#### Raw data
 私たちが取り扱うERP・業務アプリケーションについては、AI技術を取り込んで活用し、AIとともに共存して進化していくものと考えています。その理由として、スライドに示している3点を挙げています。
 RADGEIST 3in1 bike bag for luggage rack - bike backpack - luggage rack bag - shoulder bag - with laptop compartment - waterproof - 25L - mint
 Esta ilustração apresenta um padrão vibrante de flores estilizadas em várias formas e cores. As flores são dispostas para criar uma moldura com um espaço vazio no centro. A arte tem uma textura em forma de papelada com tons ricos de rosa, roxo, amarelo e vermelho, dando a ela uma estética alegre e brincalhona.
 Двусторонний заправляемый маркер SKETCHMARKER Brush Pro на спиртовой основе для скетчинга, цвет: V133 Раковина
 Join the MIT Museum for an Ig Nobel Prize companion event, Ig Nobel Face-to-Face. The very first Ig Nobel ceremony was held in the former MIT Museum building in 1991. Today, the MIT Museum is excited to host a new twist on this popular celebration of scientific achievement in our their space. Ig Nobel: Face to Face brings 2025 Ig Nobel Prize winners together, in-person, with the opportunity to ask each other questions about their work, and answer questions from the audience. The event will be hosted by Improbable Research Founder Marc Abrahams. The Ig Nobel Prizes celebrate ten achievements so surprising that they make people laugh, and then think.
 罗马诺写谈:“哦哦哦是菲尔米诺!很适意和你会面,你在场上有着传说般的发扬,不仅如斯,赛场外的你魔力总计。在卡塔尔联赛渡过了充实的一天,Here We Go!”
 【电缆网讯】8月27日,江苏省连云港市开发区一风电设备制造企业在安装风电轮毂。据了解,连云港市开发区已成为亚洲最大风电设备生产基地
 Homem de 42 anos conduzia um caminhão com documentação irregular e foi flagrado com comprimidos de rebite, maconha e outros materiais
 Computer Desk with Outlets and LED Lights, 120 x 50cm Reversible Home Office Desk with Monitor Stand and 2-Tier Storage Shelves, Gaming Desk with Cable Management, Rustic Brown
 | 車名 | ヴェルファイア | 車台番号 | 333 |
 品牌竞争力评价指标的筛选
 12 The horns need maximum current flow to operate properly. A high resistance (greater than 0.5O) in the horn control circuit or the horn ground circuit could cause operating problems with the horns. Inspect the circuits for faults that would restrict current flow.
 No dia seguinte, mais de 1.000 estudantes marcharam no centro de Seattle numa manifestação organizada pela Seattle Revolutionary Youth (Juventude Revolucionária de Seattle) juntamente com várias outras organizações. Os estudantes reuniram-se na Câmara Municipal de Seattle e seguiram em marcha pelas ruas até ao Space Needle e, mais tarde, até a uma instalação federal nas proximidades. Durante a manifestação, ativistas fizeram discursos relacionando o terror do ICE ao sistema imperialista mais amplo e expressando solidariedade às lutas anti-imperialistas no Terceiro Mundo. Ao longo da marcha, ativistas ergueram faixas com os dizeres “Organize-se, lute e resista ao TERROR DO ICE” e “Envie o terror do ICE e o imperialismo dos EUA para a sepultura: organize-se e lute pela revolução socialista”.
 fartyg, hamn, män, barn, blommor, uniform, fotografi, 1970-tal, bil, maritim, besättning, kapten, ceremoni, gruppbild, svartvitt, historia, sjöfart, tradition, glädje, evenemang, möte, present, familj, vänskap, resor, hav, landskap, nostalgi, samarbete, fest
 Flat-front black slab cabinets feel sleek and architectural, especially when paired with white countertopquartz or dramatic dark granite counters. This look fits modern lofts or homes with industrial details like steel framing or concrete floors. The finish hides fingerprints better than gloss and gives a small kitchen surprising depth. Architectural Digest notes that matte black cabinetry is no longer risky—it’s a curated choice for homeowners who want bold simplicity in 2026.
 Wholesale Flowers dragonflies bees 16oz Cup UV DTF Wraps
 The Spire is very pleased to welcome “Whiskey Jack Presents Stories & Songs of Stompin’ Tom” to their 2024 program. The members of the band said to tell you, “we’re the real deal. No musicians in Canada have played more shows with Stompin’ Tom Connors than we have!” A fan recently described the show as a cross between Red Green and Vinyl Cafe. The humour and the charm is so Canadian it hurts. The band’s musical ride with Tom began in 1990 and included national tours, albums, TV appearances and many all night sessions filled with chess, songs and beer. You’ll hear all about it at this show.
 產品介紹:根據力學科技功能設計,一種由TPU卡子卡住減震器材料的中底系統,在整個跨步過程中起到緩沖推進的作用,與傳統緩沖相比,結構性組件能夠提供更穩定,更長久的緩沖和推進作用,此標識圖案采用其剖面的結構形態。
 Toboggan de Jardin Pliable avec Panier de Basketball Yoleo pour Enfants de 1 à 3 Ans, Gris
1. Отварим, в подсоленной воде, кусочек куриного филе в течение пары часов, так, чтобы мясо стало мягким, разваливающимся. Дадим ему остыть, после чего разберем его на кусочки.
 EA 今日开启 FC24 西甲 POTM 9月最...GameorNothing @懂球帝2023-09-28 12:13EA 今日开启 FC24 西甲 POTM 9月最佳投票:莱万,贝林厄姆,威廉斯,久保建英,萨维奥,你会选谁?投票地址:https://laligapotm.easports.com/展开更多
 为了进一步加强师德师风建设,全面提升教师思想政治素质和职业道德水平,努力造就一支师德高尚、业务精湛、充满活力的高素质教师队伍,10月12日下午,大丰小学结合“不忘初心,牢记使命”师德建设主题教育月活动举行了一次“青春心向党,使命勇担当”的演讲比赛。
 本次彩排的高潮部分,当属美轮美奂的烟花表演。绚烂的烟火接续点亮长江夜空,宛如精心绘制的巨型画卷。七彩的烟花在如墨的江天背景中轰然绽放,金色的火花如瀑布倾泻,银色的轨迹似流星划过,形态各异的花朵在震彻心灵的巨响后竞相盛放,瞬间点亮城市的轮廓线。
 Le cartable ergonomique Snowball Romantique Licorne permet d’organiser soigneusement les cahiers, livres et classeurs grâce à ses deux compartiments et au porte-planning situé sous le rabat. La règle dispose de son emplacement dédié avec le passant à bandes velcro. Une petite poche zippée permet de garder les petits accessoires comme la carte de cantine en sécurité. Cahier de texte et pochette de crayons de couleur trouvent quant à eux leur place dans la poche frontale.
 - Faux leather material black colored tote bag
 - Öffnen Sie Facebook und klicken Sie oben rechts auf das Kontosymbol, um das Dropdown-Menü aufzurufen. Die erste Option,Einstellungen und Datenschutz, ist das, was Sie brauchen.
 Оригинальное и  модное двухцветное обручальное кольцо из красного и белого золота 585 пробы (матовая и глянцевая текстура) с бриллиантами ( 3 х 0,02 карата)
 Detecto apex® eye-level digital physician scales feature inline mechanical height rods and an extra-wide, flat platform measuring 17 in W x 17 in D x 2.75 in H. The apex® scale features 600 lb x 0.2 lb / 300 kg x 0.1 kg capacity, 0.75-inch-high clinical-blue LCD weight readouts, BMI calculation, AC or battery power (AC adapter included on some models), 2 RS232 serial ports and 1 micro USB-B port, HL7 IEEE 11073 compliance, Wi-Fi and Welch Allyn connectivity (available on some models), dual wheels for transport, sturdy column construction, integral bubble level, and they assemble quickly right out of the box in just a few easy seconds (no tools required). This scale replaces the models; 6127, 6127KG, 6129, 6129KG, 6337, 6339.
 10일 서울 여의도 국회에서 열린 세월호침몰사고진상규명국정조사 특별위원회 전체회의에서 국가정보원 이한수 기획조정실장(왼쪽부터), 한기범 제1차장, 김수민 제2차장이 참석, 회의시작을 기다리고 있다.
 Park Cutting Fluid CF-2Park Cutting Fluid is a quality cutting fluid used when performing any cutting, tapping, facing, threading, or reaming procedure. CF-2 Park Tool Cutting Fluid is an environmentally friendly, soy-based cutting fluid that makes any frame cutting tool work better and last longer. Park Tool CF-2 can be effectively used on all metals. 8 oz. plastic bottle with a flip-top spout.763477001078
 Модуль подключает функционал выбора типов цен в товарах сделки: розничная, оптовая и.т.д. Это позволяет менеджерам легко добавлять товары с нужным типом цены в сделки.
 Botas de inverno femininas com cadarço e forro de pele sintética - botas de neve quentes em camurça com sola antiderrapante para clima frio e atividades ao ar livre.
########
What to do — Where the string "work" turns up in a line of the data above, copy that whole line.

Task solution —
 Join the MIT Museum for an Ig Nobel Prize companion event, Ig Nobel Face-to-Face. The very first Ig Nobel ceremony was held in the former MIT Museum building in 1991. Today, the MIT Museum is excited to host a new twist on this popular celebration of scientific achievement in our their space. Ig Nobel: Face to Face brings 2025 Ig Nobel Prize winners together, in-person, with the opportunity to ask each other questions about their work, and answer questions from the audience. The event will be hosted by Improbable Research Founder Marc Abrahams. The Ig Nobel Prizes celebrate ten achievements so surprising that they make people laugh, and then think.
 Park Cutting Fluid CF-2Park Cutting Fluid is a quality cutting fluid used when performing any cutting, tapping, facing, threading, or reaming procedure. CF-2 Park Tool Cutting Fluid is an environmentally friendly, soy-based cutting fluid that makes any frame cutting tool work better and last longer. Park Tool CF-2 can be effectively used on all metals. 8 oz. plastic bottle with a flip-top spout.763477001078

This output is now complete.